Anche l’ottavo tra Zverev e Rune si è concluso di prima mattina. Il risultato? Giocatori stravolti, spettatori presenti assonnati e infreddoliti, pubblico a casa più che dimezzato
foto Ray Giubilo
Ci risiamo. Anche il match fra Sascha Zverev e Holger Rune è finito a tarda notte, anzi a prima mattina: era l’1,40 di martedì quando una partita iniziata 4 ore e 11 minuti prima è terminata con la vittoria del tedesco in cinque set.
Sascha fra l’altro fra il match con Griekspoor e quest’ultimo è rimasto in campo oltre 8 ore in tre giorni. L’aggravante è che stavolta si tratta di giorni feriali, con il metro che chiude prima rispetto al weekend – non parliamo dei ristoranti attorno al Bois de Boulogne – e quindi più difficili da gestire per il pubblico.
Il tennis non ama le ore piccole. Non è nato per essere giocato a notte fonda, sotti i fari, con l’umido alle ossa davanti a pochi intimi e con gli schermi tv quasi spenti. «Come tutti quelli che hanno seguito il match fra Djokovic e Musetti fino a tardi», ha postato Chris Clarey, per oltre trent’anni prima firma del New York Times. «Quando mi sono svegliato il mio primo pensiero è stato: datemi un caffè. Il secondo: il tennis non impara mai…».
Qualche anno fa in Australia un Baghdatis-Hewitt fu messo in campo a mezzanotte – Venus Williams in precedenza si era rifiutata di cambiare campo per evitare il ritardo – e finì alle 4 e mezzo di mattina. A New York il “late show” è una norma, qui a Parigi il record lo hanno stabilito proprio Djokovic e Musetti (3 e 6 minuti del mattino), ma già lo scorso ottobre al “1000” indoor di Bercy era scattata la polemica per una programmazione folle. Che, va detto, ha consigliato l’Atp di non programmare più di quattro match sullo stesso campo. Ma l’Atp non organizza i quattro tornei dello Slam, che fanno comunque a modo loro.
Certo la pioggia continua ha bersagliato fino a tre giorni fa il Roland Garros, costringendo a cancellazioni e spostamenti. Per evitare che uno dei match più belli del torneo finisse dopo l’orario di chiusura della metro, costringendo molti spettatori a scappare dal Bois de Boulogne, le famiglie a tenere alzati i ragazzini e gli atleti (e noi giornalisti…) ad andare a letto mentre albeggiava, però sarebbe bastato poco. Ad esempio programmare la continuazione di Dimitrov-Hurkacz sul “Lenglen” al posto di Navarro-Keys, che avrebbero potuto recuperare oggi nel giorno di riposo. Che senso ha imporre queste assurdità, che non servono a nessuno e penalizzano sia il pubblico presente che quello davanti alle tv?

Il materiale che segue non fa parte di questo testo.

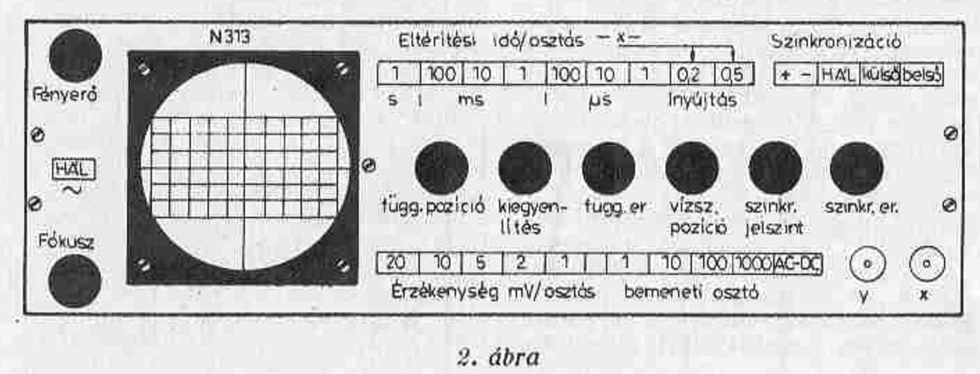 Az idővonal képernyő szélén látható görbülése a katódsugárcső geometriai torzítása miatt van. A geometria-korrekciós potméterekkel lehet javítani a vonalon.

«Giocare a questi orari è un problema – ha protestato anche la numero 1 del mondo, Iga Swiatek – perché il lavoro di un tennista non finisce al matchpoint, ci sono tanti impegni (e massaggi, e trattamenti…) che dobbiamo rispettare e prima di andare a letto passano altre 4-5 ore. Poi quanti spettatori possono fermarsi fino alle 3 di notte?».
Anche Coco Gauff la pensa allo stesso modo. «Finire di giocare alle 3 del mattino significa andare a letto alle 7 o alle 8. Non è sano. Capisco che sia un problema non facile da gestire, ma servirebbero limiti più rigorosi sull’orario di inizio dei match. Alla fine, il “prodotto” siamo noi tennisti. Ci sono tornei che ci ascoltano, altri meno. Poi so da dove vengo – ha concluso con molto buonsenso Coco – e mi rendo conto che il lamento di chi guadagna tanti soldi può risultare antipatico a chi deve lavorare in condizioni ben peggiori e faticando ad arrivare a fine mese». Ma i primi a essere danneggiati dal tennis after hour sono proprio i fan che pagano il biglietto o l’abbonamento ad una piattaforma tv.